- Theatrical release poster
- Directed by: Christopher Miles
- Written by: Robert Enders; Christopher Miles;
- Based on: The Maids (play) by Jean Genet
- Produced by: Robert Enders; Ely Landau;
- Starring: Glenda Jackson; Susannah York; Vivien Merchant;
- Cinematography: Douglas Slocombe
- Edited by: Peter Tanner
- Music by: Laurie Johnson
- Distributed by: American Film Theatre
- Release date: 21 April 1975 (U.S.);
- Running time: 95 minutes
- Country: United Kingdom
- Language: English

= The Maids (film) =

1975 British film directed by Christopher Miles

The Maids (Les Bonnes) is a 1975 British film that was directed by Christopher Miles. It is based on the play of the same title by the French dramatist Jean Genet. The film stars Glenda Jackson as Solange, Susannah York as Claire, Vivien Merchant as Madame, and Mark Burns as Monsieur. The film was produced by Ely Landau for the American Film Theatre, which presented thirteen film adaptations of plays in the United States from 1973 to 1975.

==Plot==
Solange and Claire are two housemaids who construct elaborate sadomasochistic rituals when their mistress (Madame) is away. The focus of their role-playing is the murder of Madame, and they take turns portraying either side of the power divide. The deliberate pace and devotion to detail guarantees that they always fail to actualize their fantasies by ceremoniously "killing" Madame at the ritual's denouement.
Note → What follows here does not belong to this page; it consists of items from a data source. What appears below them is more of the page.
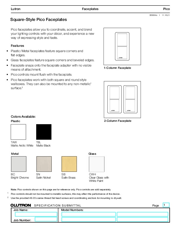 Pico faceplates allow you to coordinate, accent, and blend your lighting controls with your décor, and experience a new way of expressing style and taste.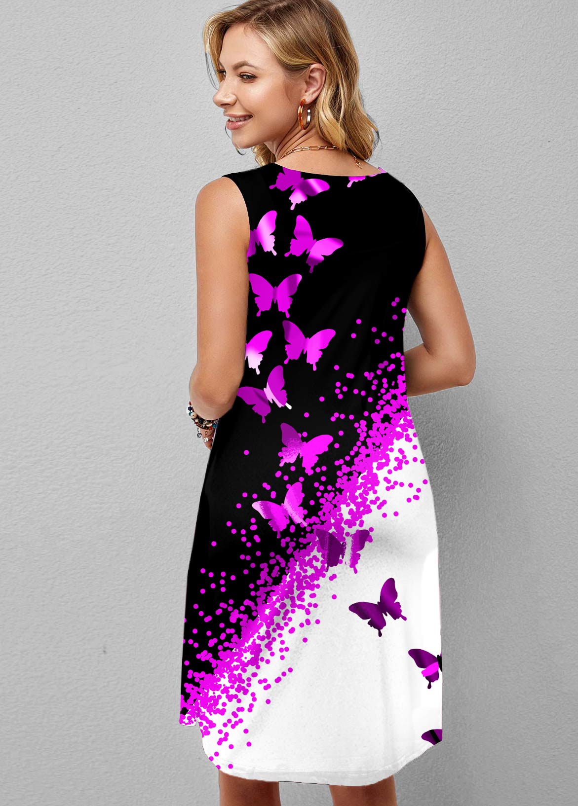 Butterfly Print Double Side Pockets Dress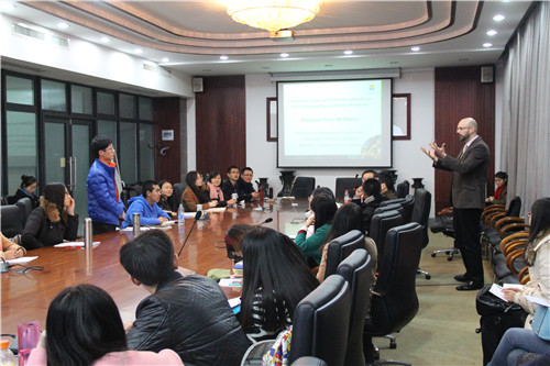 李洁对于McEleavy教授的讲解给与了高度称赞,特别指出McEleavy引用了大量经典案例,这些案例时间跨度很大而且都很经典。随后,许庆坤为同学们梳理了整场报告的主要内容,并向McEleavy表达了真挚的谢意。在互动环节中,McEleavy对同学们的问题进行了耐心而精彩的回答,在同学们的热烈掌声中,会议圆满结束。

The plot of the film was popularly believed to have been inspired by the murders committed in 1933 by Christine and Léa Papin, although this was denied by Genet. (Note: The story of the Papin sisters was filmed in 1995 as Sister My Sister, starring British actresses Joely Richardson, Jodhi May, and Julie Walters. The film was directed by Nancy Meckler and written by Wendy Kesselman. The case was also the subject of Murderous Maids (Les Blessures Assassines), a French film starring Sylvie Testud and Julie-Marie Parmentier and directed by Jean-Pierre Denis, released in 2000.)

==Production==
Before it was filmed for the American Film Theatre, it ran as a stage play at the Greenwich Theatre, London, with the same principal cast later used for the film version. The director, Christopher Miles, planned the 12-day shoot with a single camera which could track anywhere over the set with the cinematographer Douglas Slocombe and deliberately implemented many of Genet's theatrical devices for the film. The camera was often static, the settings lush and extravagant.

==Release==
The film was shown at the 1975 Cannes Film Festival, but was not entered into the main competition.